Edicão: 127 - 11/12/2013

A indústria da música no início da década passada vivia momentos aterrorizantes com possibilidade de que a troca de música via internet, por meio de arquivos digitais, enterrasse o negócio. Porém, em 2012, as vendas mundiais de música cresceram pela primeira vez em mais de uma década, numa reversão iniciada um ano antes no Brasil, graças justamente à internet.

Hoje, há uma diversidade de modelos pagos, que substituíram, ao menos parcialmente, a troca ilegal de arquivos entre os usuários, com a qual as gravadoras não recebiam um tostão. O "streaming", modelo onde o usuário ouve a música, sem precisar comprar o arquivo, ajudou a recuperação, abrindo caminho para serviços de assinatura digital, como Spotify, Deezer e Napster, além de rádios virtuais, como Rdio e Lastfm.

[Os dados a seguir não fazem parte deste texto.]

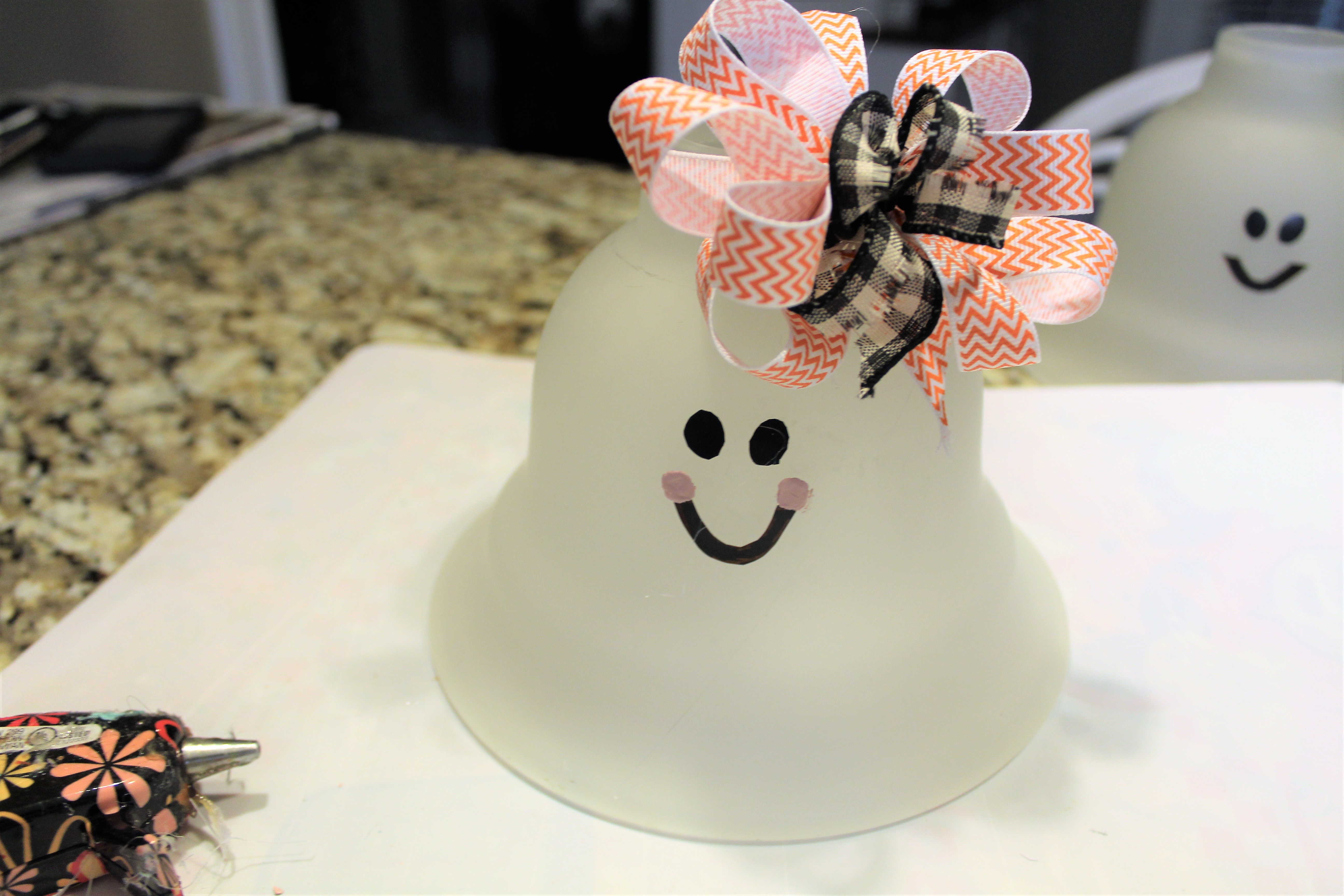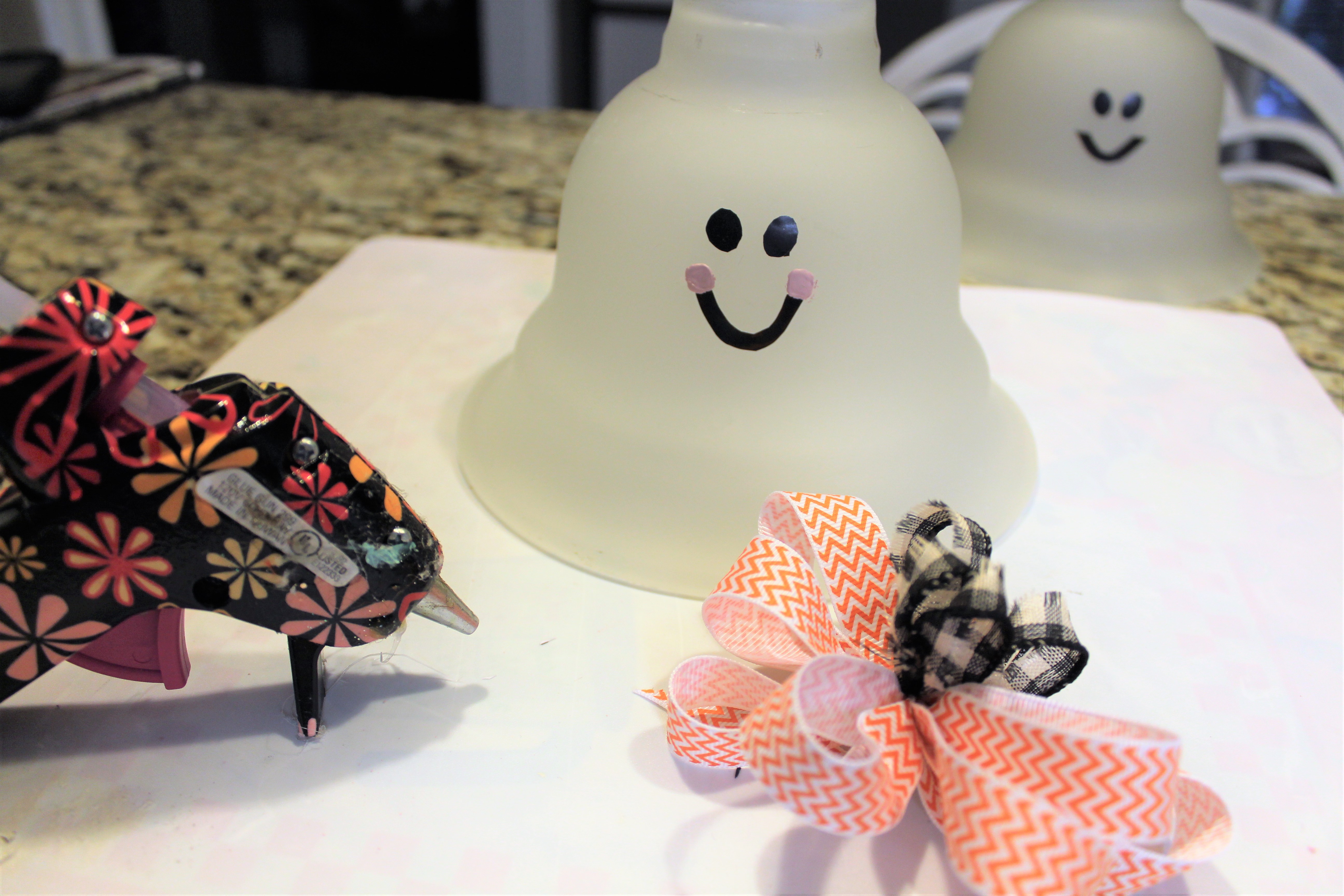 Going into a thrift store or going to a yard sale you normally will find light globes for ceiling fans or vanity globes for a few bucks. I am going to give you a reason to go hunt for them. 🙂 I had 4 globes sitting up in our attic from my daughter’s ceiling fan we removed several months ago. I am going to use items that can be easily removed so if we ever want to sell or use the fan the globes are ready to be used again. I will show you step by step how easy it is to make these cute little ghost globes.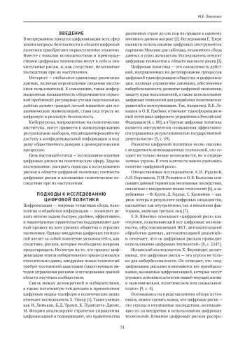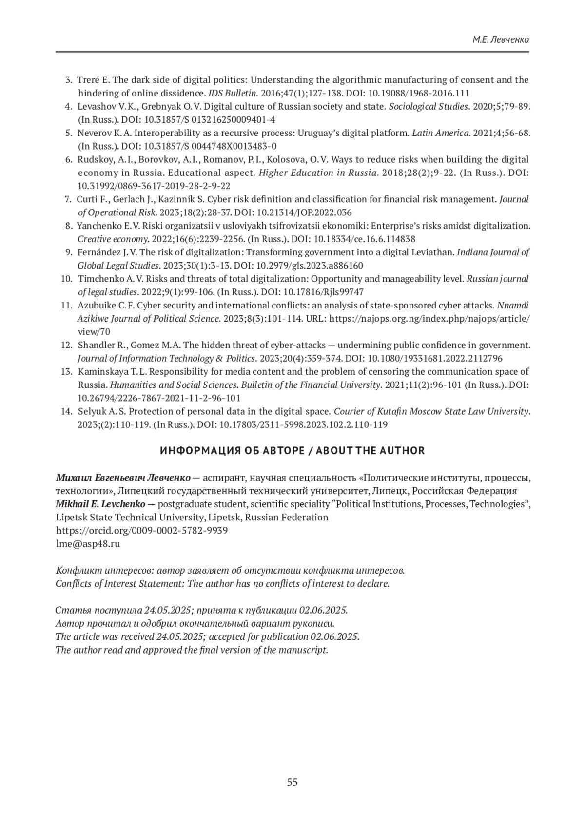 10. Тимченко А. В. Риски и угрозы тотальной цифровизации: возможности и потенциал управляемости. Российский журнал правовых исследований. 2022;9(1);99-106. https://doi.org/10.17816/Rjls99747

Nesses tempos em que o consumidor está constantemente em movimento, mas igualmente conectado à web, os serviços por assinatura deram fôlego à indústria fonográfica. Com estes novos modelos de negócio, as empresas pagam às gravadoras pelo direito de compartilhar as músicas com os usuários.

A maioria das pessoas não quer mais deter a faixa. O precursor de todo esse movimento foi a iTunes, loja virtual da Apple, ao permitir que o consumidor comprasse faixas independentes, por preços individuais, em vez de álbuns inteiros.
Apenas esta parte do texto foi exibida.